One of the most controversial components of Resolution Copper’s project centers on how the company plans to extract the copper. Eschewing a more traditional method of mining as too expensive, the company announced it will use a cheaper method called block cave mining, which will result in a crater two miles wide and up to 1,000 feet deep, destroying the surface of the land. Block cave mining will also generate nearly a cubic mile of mine waste, which the company proposes to leave on a parcel of Forest Service land, just outside the town of Superior.
J. Scott Wood is an archeologist who spent 40 years working for the U.S. Forest Service in Tonto National Forest. His job was to find and protect archeological sites and places of cultural importance to Apaches and other tribes affiliated with the forest.
Wood, able to speak freely now that he’s retired, says the Forest Service has a clear rules to permit mining on federal lands, but Resolution Copper’s new legislation short-circuits that process.
“It's bypassed all the normal kinds of analysis that we would have done for this kind of project,” Wood said.
“We were actually looking forward to the idea of running the project as a normal mining project, instead of a land exchange, since the bill kept not being passed and not being passed, where we could look at alternative mining methods.”
He added: “Everybody could have walked away with what they needed. Apaches could have access to a place that isn't going to be destroyed. The mining company could get the profits from the copper.”
Resolution Copper, and parent company Rio Tinto, declined repeated requests to interview with America Tonight. The company provided a written statement [PDF] addressing environmental and tribal concerns.
America Tonight also made multiple attempts to reach the Arizona congressional delegation that advocated for the land swap: Republican Sens. John McCain and Jeff Flake, and Rep. Paul Gosar plus Democratic Rep. Ann Kirkpatrick. All declined to comment or did not respond.

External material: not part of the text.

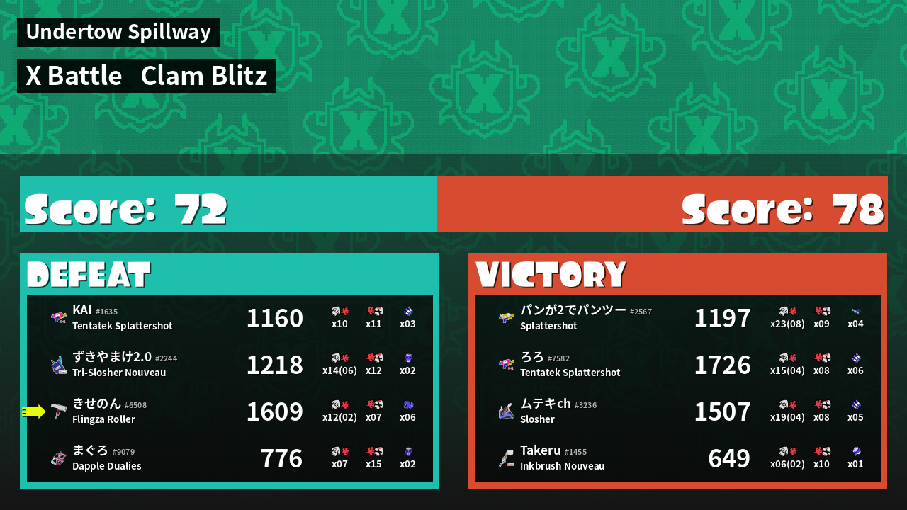 | Medals | #1 Turf Inker #1 Enemy Splatter #1 Ground Traveler | ||

“At the end of the day I think the American people are getting short-changed badly. They are going to lose an exquisite, beautiful piece of landscape that belongs to them,” said Wood. “And yet a foreign-owned company is going to manage to make billions of dollars of profit off of resources that belong to the entire American public, and that’s the ultimate description of what happened here.”
Making a stand
President Obama signed the defense bill into law in mid-December, but the San Carlos Apaches say they haven’t given up yet. Tribal members organized a two-day protest march to draw attention to their cause, walking 44 miles along the highway from the reservation to Oak Flat.

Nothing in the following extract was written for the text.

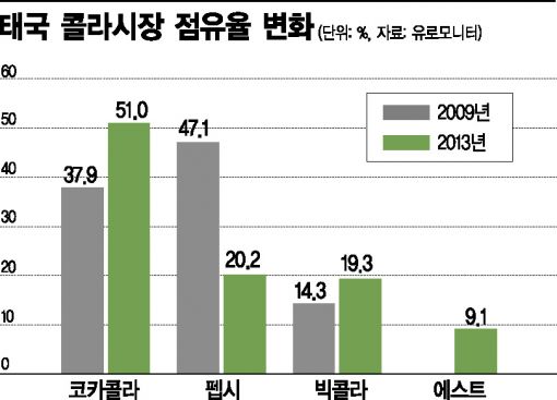 ◆토종 브랜드 에스트 돌풍= 에스트는 더 신생 브랜드다. 태국 업체 썸쑥이 2012년 말에 출시했다. 에스트는 사실상 시장 진출 첫해인 지난해 태국 콜라시장의 9.1%를 차지했다고 시장조사회사 유로모니터는 집계했다. 썸쑥은 태국에서 인기가 있는 잉글랜드 프리미어리그의 맨체스터 시티와 스폰서 계약을 체결하는 등 마케팅을 펴 브랜드 인지도를 단시간에 높였다. 썸쑥의 약진에는 이 회사가 이전 60년 동안 펩시의 파트너 역할을 하면서 음료 유통망을 갖춘 저력이 바탕이 됐다. 이 회사는 트럭 1200대와 냉장고 15만대를 갖추고 펩시콜라를 병입해 거래처 20만곳에 공급했다. 펩시는 2010년 썸쑥을 적대적으로 인수하려고 나섰지만 실패한다. 썸쑥은 백기사가 된 타이 베버리지를 대주주로 맞이하면서 독자적으로 콜라를 만들어 판다는 결단을 내린다. 썸쑥은 에스트 로고를 파랑·빨강·하양으로 칠했다. 태국 국기의 삼색이지만 펩시의 로고와 색이 같다. ◆펩시 점유율 반토막= 빅콜라와 에스트가 쑥쑥 성장하면서 펩시의 입지가 크게 위축됐다. 펩시는 2009년 태국 콜라시장의 47.1%를 점유했지만 지난해 시장점유율은 20.2%로 밀렸다. 펩시의 시장점유율 하락은 에스트가 뛰어든 지난해에 두드러졌다. 2009년 47.1%에서 2012년 36.6%로 3년 새 10.5%포인트 낮아진 데 비해 지난해에는 전년 대비 16.4%포인트 떨어졌다. 코카콜라가 반사이익을 얻어 시장점유율을 2009년 37.9%에서 지난해 51.0%로 높이며 1위 업체 자리에 올랐다. 코카콜라는 지난해 시장점유율에서 펩시를 추월했다고 닛케이는 전했다. 펩시와 코카콜라의 시장점유율 합계가 태국에서 70% 가까이로 떨어진 것이다. 일본과 중국을 비롯한 아시아 주요 시장에서는 브랜드 파워가 강력한 펩시와 코카콜라가 시장의 90% 이상을 장악한다. 수세에 몰린 펩시가 전열을 가다듬고 있다. 펩시는 2011년에 산미구엘의 태국 라용 음료공장을 인수한 뒤 80억바트(약 2500억원)를 들여 생산라인 8개를 가진 세계 최대 공장으로 확충했다. 펩시는 물류 기업 DHL 익스프레스와 손잡고 태국 내 유통망을 정비 중이다. 펩시코 타일랜드의 자그루트 코테차 음료부문 사장은 "우리의 브랜드 파워는 압도적"이라며 "선두 탈환은 시간문제에 불과하다"고 말했다. ◆내친 김에 해외로= 태국은 아시아 3위 콜라 소비국이다. 유로모니터에 따르면 지난해 태국 콜라시장 규모는 18억달러로 최근 5년간 25% 성장했다. 청량음료에서 콜라가 차지하는 비중이 30%에 달한다. 이는 10% 정도인 일본이나 중국을 크게 웃도는 수준이다. 닛케이는 태국의 매운 요리와 콜라가 음식궁합이 잘 맞는 듯하다고 풀이했다. 신흥 브랜드들은 태국 주변 시장도 넘보고 있다. 아헤는 베트남과 인도네시아, 인도에도 공장을 짓고 진출했다. 캄보디아와 미얀마에서도 판매에 나섰다. 썸쑥은 에스트를 글로벌 브랜드로 성장시킨다는 구상에 따라 동남아는 물론 유럽과 아프리카 진출도 검토 중이다. 백우진 기자 cobalt100@asiae.co.kr<ⓒ세계를 보는 창 경제를 보는 눈, 아시아경제(www.asiae.co.kr) 무단전재 배포금지>

The San Carlos Apaches aren’t alone. Hundreds of supporters attended the gathering, while some tribe members pitched tents to signal their intention to occupy the land. Environmental groups like the Sierra Club and Arizona Mining Reform, and more than 500 other tribes have voiced opposition to the land exchange.
Nosie says the protest marks the beginning of a new phase in the tribe’s struggle against the mine. The next step will be a long-term occupation of Oak Flat by San Carlos tribe members.
“We are not going to vacate this area. We are going to stand here as Indian people,” Nosie said in an address to a crowd of supporters at Oak Flat. “It is time to face Congress and tell them our demands – nonviolently, religiously; to keep what is sacred and what is holy.”
But just up the road, Resolution Copper has already completed work on a new exploratory shaft. Reaching a depth of 7,000 feet, it is the deepest shaft in North America. According to the company's website, it will be used to gather information on the ore beneath, anticipating when the land will be theirs.